Your objective → Transcribe exactly, and without pictures, only the lines from the one bearing "ロリータ靴+靴下プレゼント中 レディースシューズ パンプス" through the final line of the data below.

Dataset excerpt →

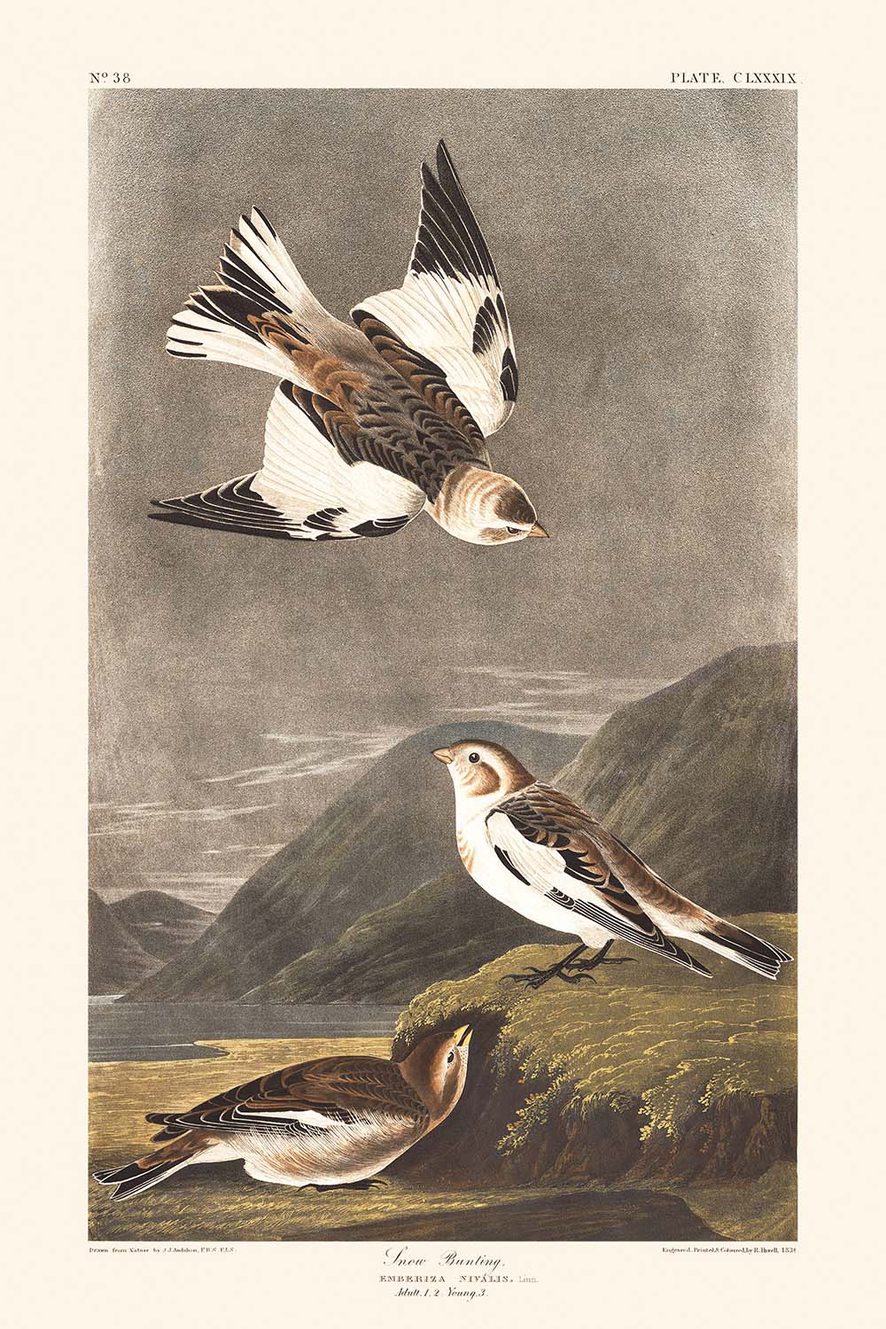 This artwork reflects Audubon’s distinctive style, where the Snow Bunting is depicted amidst the stark seasonal backdrop that forms part of its migratory narrative. The muted white feathers of the birds contrast with their ephemeral shadows on the winter-touched earth, emphasizing their struggle and harmony with nature’s cycles. The visual interaction between these birds, elegantly composed against a setting reminiscent of dawn's gentle light, showcases skillful use of color and perspective that brings depth and movement to the scene.
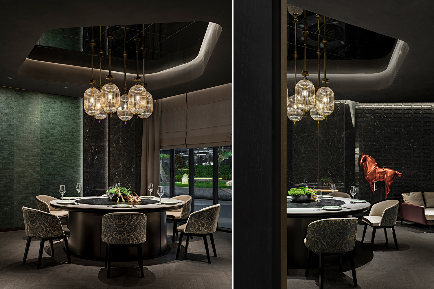 进入VIP室,灯光低垂、光影落下,此时,鲜衣怒马的现代雕塑与转角处的大唐仕女明了点题,千百年岁月远道而来,被鲜活的当下着色一番,轰然历史的不堪其重已被倔强的人们化为智慧、喜悦、艺术与生生不息的烟火人间。
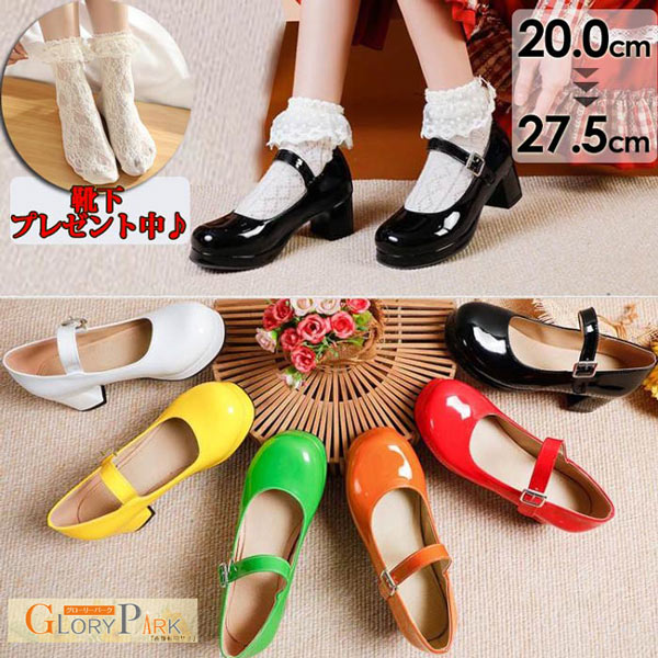 ロリータ靴+靴下プレゼント中 レディースシューズ パンプス メイド靴 可愛い 小さいサイズ 大きいサイズ シューズ ブラック ホワイト レッド グリーン イエロー オレンジ 20.0 27.5 姫様 お嬢様 女の子 おしゃれ 日常 文化祭 イベント 美脚 お茶会 通学
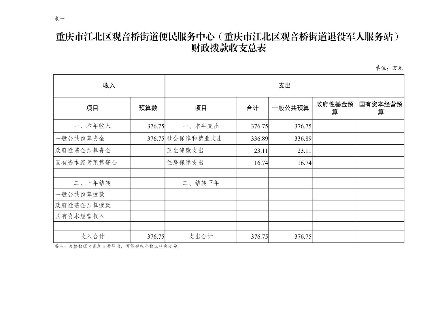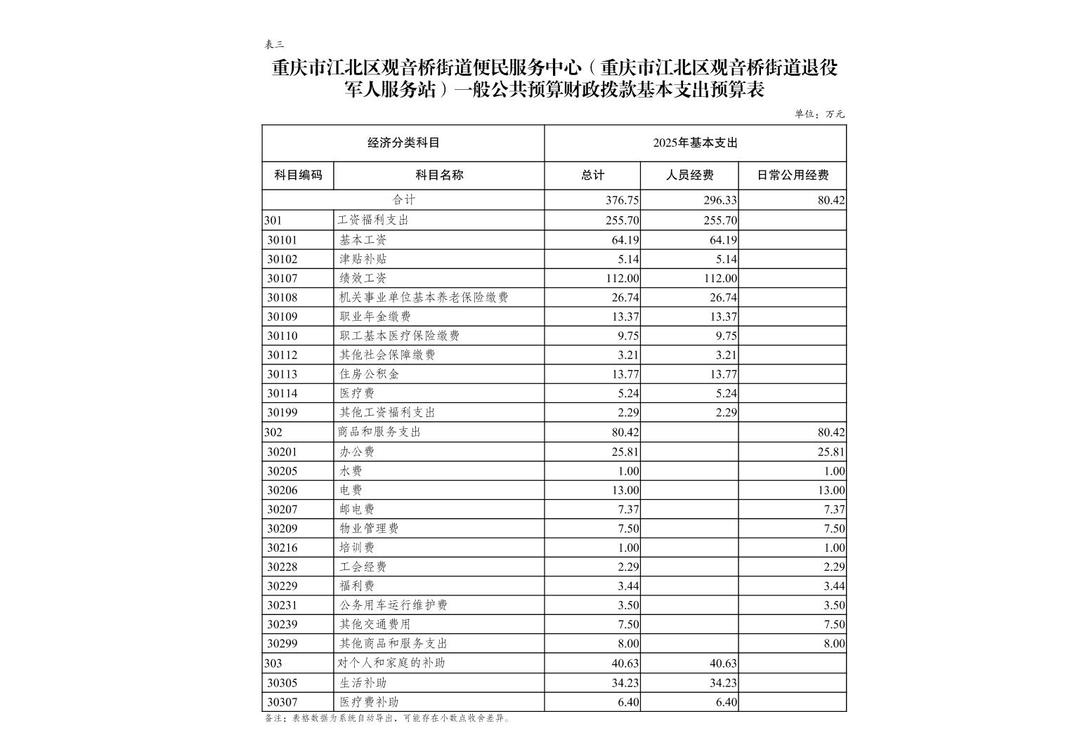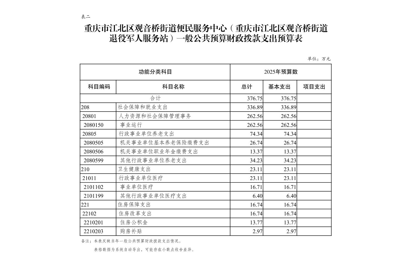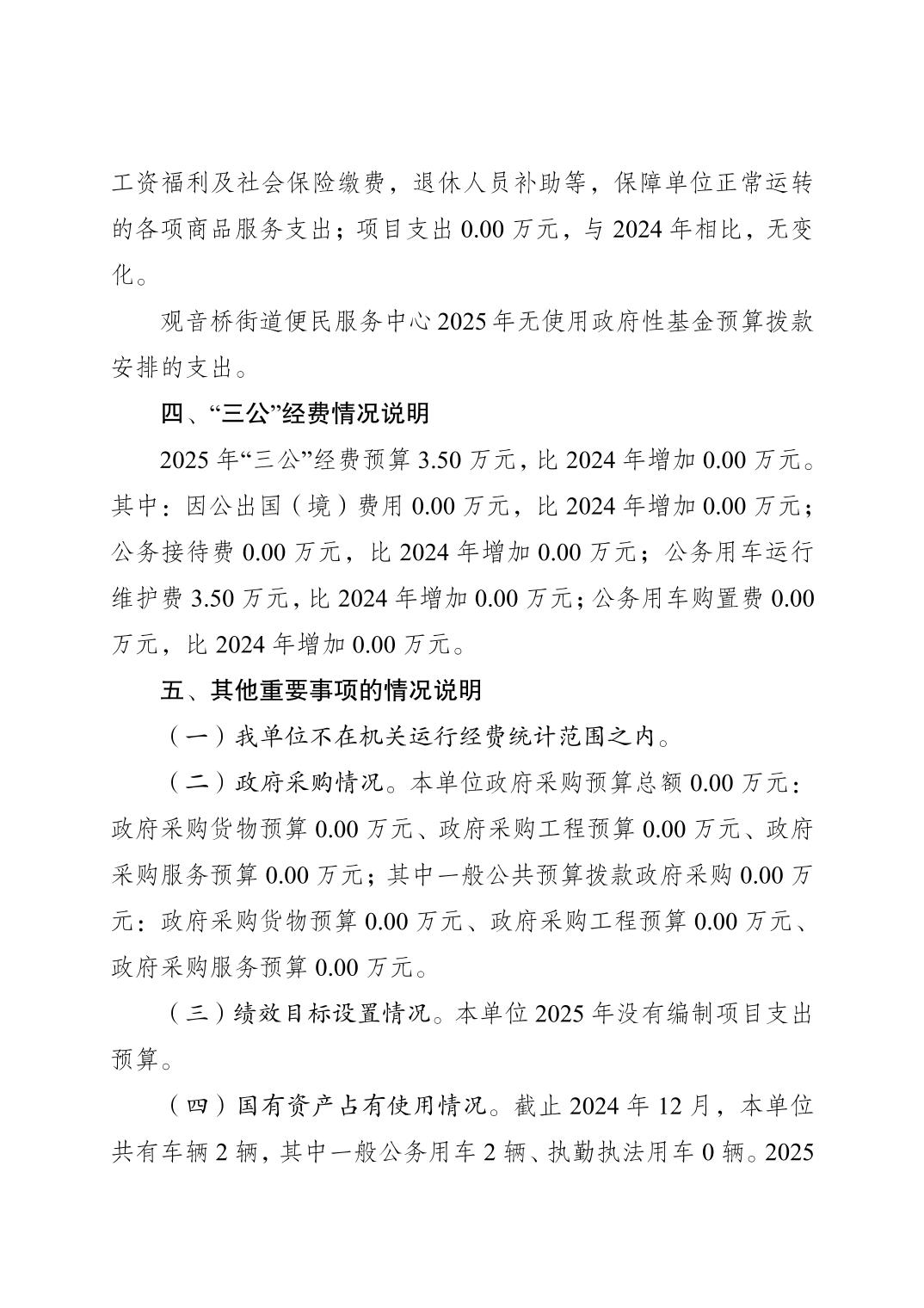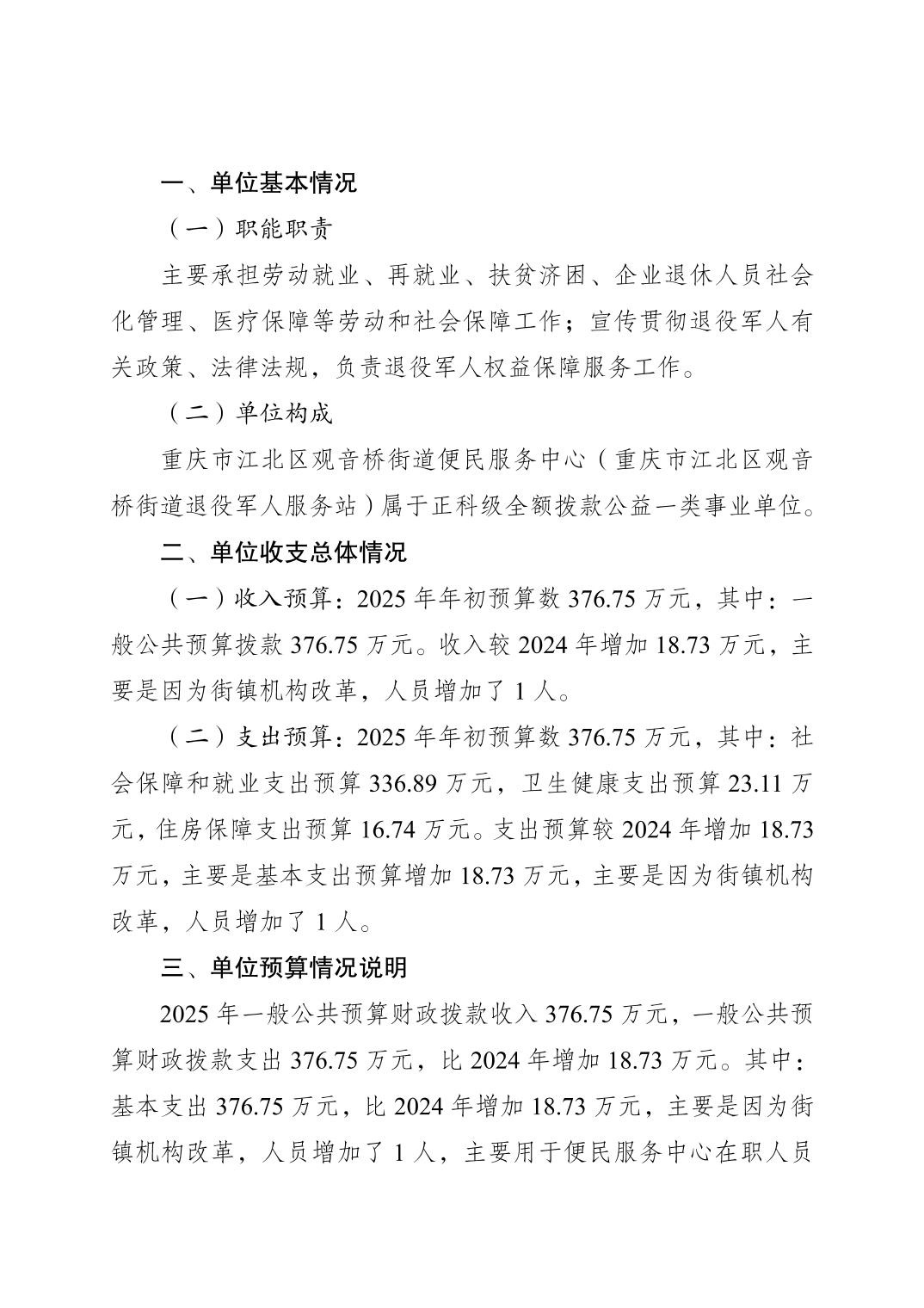 重慶市江北區觀音橋街道便民服務中心(重慶市江北區觀音橋街道退役軍人服務站)2025年單位預算情況說明

Response below →
 ロリータ靴+靴下プレゼント中 レディースシューズ パンプス メイド靴 可愛い 小さいサイズ 大きいサイズ シューズ ブラック ホワイト レッド グリーン イエロー オレンジ 20.0 27.5 姫様 お嬢様 女の子 おしゃれ 日常 文化祭 イベント 美脚 お茶会 通学
 重慶市江北區觀音橋街道便民服務中心(重慶市江北區觀音橋街道退役軍人服務站)2025年單位預算情況說明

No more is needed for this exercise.